* [Exercise]: Write out the material below again, line for line, without any images.

* [Information provided]:
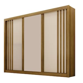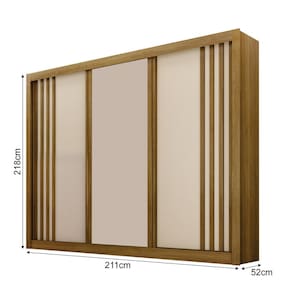 Guarda Roupa Casal Ripado 3 Portas de Correr Em MDF Milano Leifer - Bege Médio
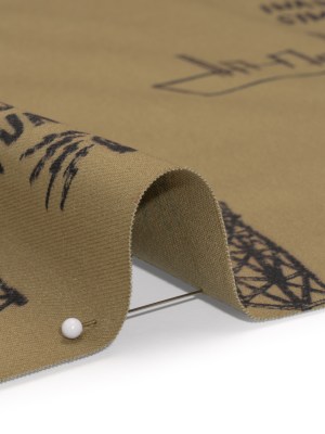 Cotton Twill Print – Khaki and Black Sketches and Stencils – Deadstock
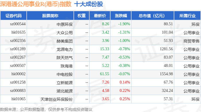 深港通公用事业R(港币)(483032)指数十大成份股详情如下:

* [Solution to the problem]:
 Guarda Roupa Casal Ripado 3 Portas de Correr Em MDF Milano Leifer - Bege Médio
 Cotton Twill Print – Khaki and Black Sketches and Stencils – Deadstock
 深港通公用事业R(港币)(483032)指数十大成份股详情如下:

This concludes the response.